TASK REQUIREMENTS => Output all entries precisely and leave out the pictures.

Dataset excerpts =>
----------
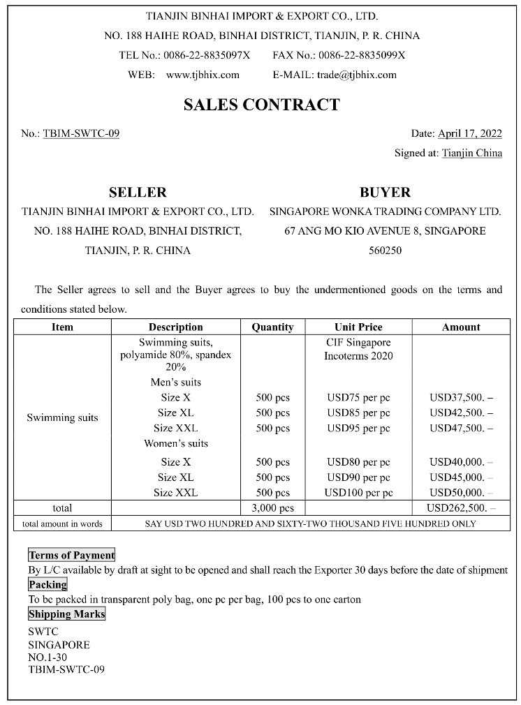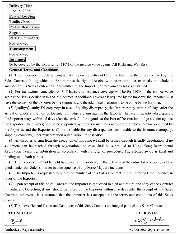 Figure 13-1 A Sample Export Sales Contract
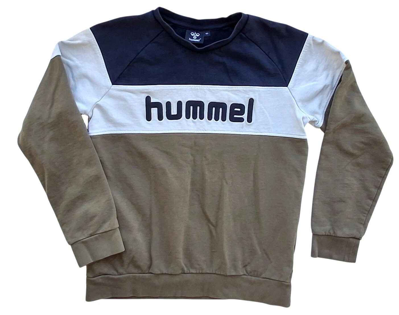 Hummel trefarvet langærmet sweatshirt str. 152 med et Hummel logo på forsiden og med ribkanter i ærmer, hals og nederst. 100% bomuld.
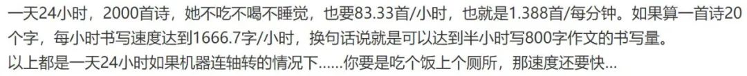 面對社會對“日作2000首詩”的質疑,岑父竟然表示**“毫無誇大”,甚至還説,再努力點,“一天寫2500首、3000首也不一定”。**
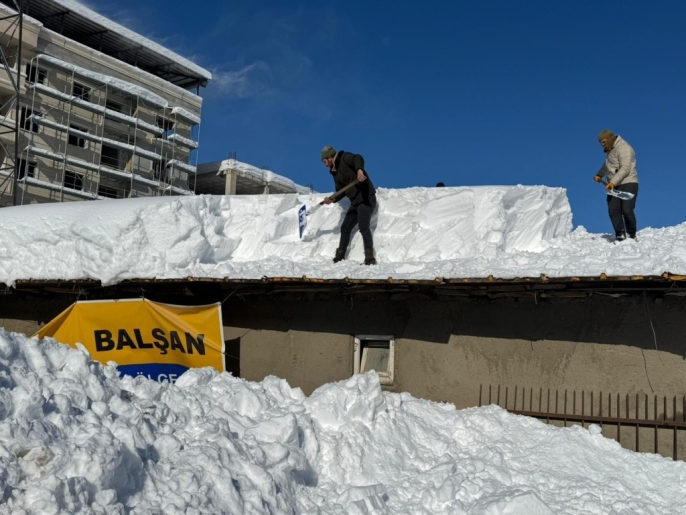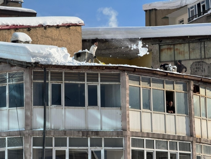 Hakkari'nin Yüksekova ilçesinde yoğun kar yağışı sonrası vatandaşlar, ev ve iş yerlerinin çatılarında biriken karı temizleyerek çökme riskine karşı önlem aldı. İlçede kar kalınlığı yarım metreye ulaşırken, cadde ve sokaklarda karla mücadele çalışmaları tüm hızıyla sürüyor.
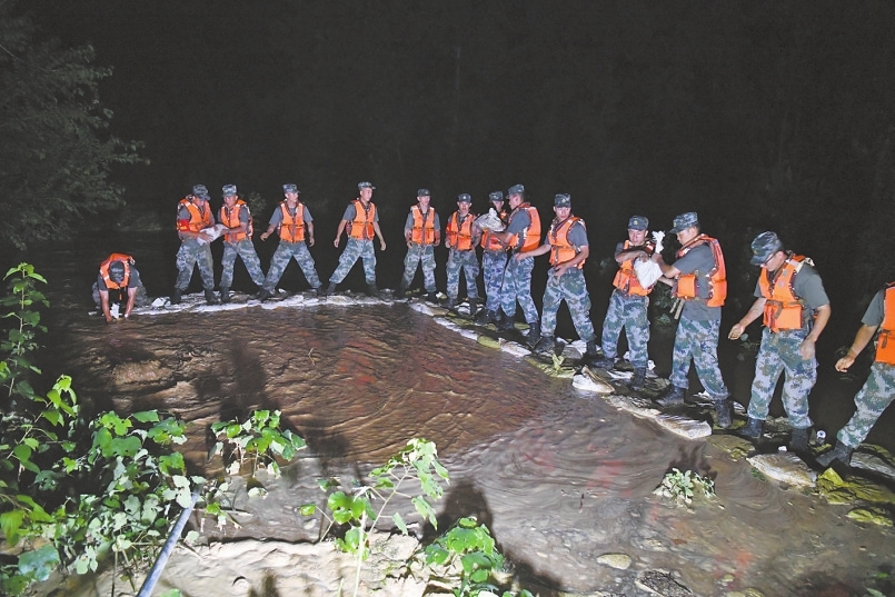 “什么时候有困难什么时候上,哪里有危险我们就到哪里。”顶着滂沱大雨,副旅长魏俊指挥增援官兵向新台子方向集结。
----------
YOUR RESPONSE =>
 Figure 13-1 A Sample Export Sales Contract
 Hummel trefarvet langærmet sweatshirt str. 152 med et Hummel logo på forsiden og med ribkanter i ærmer, hals og nederst. 100% bomuld.
 面對社會對“日作2000首詩”的質疑,岑父竟然表示**“毫無誇大”,甚至還説,再努力點,“一天寫2500首、3000首也不一定”。**
 Hakkari'nin Yüksekova ilçesinde yoğun kar yağışı sonrası vatandaşlar, ev ve iş yerlerinin çatılarında biriken karı temizleyerek çökme riskine karşı önlem aldı. İlçede kar kalınlığı yarım metreye ulaşırken, cadde ve sokaklarda karla mücadele çalışmaları tüm hızıyla sürüyor.
 “什么时候有困难什么时候上,哪里有危险我们就到哪里。”顶着滂沱大雨,副旅长魏俊指挥增援官兵向新台子方向集结。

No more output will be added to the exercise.